The second is big and multiple injections of funds into the development of alternative energy sources. We cannot continue our drug-like dependence on fossil fuels indefinitely. Of course, all this will involve hundreds of billions of dollars of investment.

To raise this kind of money, there is only one conceivable funding source: the oil and gas producers themselves. We will have to draw upon the huge profits being extracted from consumers every day from the sale of petroleum and natural gas. And the only way we are going to do this — the only way we can take control of the mega-profits needed to fund this energy revolution — is by nationalizing the oil and gas industries. We will have to ensure that their huge surpluses are held in the public sphere.How will this massive takeover be financed? By exchanging long-term government bonds equivalent in value to the worth of the industry.


Where There’s A Will…
Some might say that the political will to undertake this giant inroad on what is at the moment private property does not exist. However, recent public-opinion polls suggest otherwise.

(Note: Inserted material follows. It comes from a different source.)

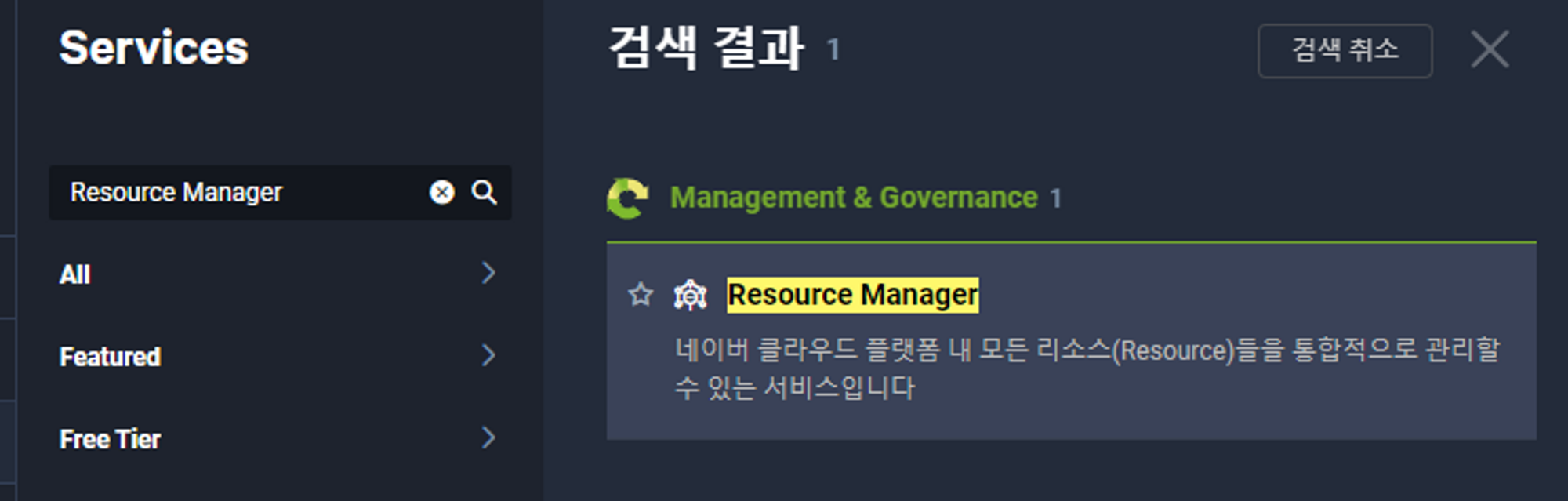 리소스 매니저는 네이버 클라우드 플랫폼 내 모든 리소스들을 통합적으로 관리할 수 있는 서비스로 전체 리소스 조회 및 검색, 리소스 그룹을 논리적으로 지정하여 서비스별로 리소스를 감시하고 태깅을 지원하여 관리자에게 운영 편의성을 준다.
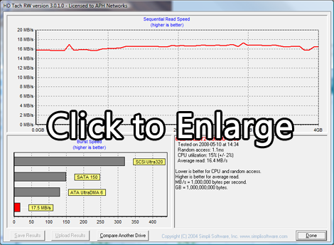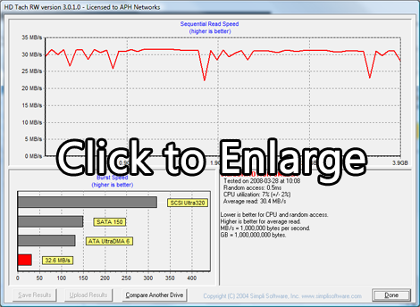 HD Tach will test the sequential read, random access and interface burst speeds of your attached storage device (hard drive, flash drive, removable drive, etc). All drive technologies such as SCSI, IDE/ATA, 1394, USB, SATA and RAID are supported. Test results from HD Tach can be used to confirm manufacturer specs, analyze your system for proper performance, and compare your performance with others. HD Tach is very easy to use, quick, and presents data in easy to read graphs, including the ability to compare two storage devices on screen at the same time for easy analysis.

An August public-opinion poll by Léger Marketing, for example, reveals that almost half of Canadians favour nationalizing oil firms. More precisely, 49 per cent of respondents wanted petroleum resources nationalized, while 43 per cent said they would like to see the gas companies in public hands. This support varied from province to province, of course. But while typically progressive Quebec led the way with 61 per cent, even in oil-rich Alberta, 36 per cent came out in favour of nationalization.

Of course, besides taking these companies and their resources into public hands, Canada will need to cut back its current exports to the U.S. At the moment, over half of Canada’s production is going south, and the proportion is rising. Conserving production for mostly domestic use will provide a longer lead time to bring about wiser alternatives, offering us some breathing room before the energy situation reaches crisis proportions.

Naturally, in order to cut back drastically on U.S.-bound exports, let alone nationalize the industry, it will in turn be necessary to abrogate NAFTA. In our November/December Dimension editorial, we set out some more reasons for giving notice.

All very fine and well, you might say — but just how would a nationalized oil-and-gas industry deal with the current crisis differently?

In the first place, in a nationalized scheme, unexpected price fluctuations can be more easily buffered by the state. The beneficiaries will be those whose livelihoods depend upon the availability of oil and gas, rather than the big energy companies.

A nationalized industry can also be both mandated to conserve energy and ordered to divert money into R&D for sustainable alternatives. It will have no fears about competing with its own new energy-saving products. Moreover, a state-run industry can weigh the benefits and costs of exploration against the interests of citizens, instead of merely return on investment.

Granted, this is a made-in-Canada solution for what is in reality a world-wide energy crisis. But we hasten to add that other countries — Venezuela, for example — are offering their own solutions. Clearly Canada must stand with other nations against the U.S. solution — an endless series of wars in the Middle East and other oil-producing regions to maintain an iron grip on the world’s increasingly scarce supply of oil.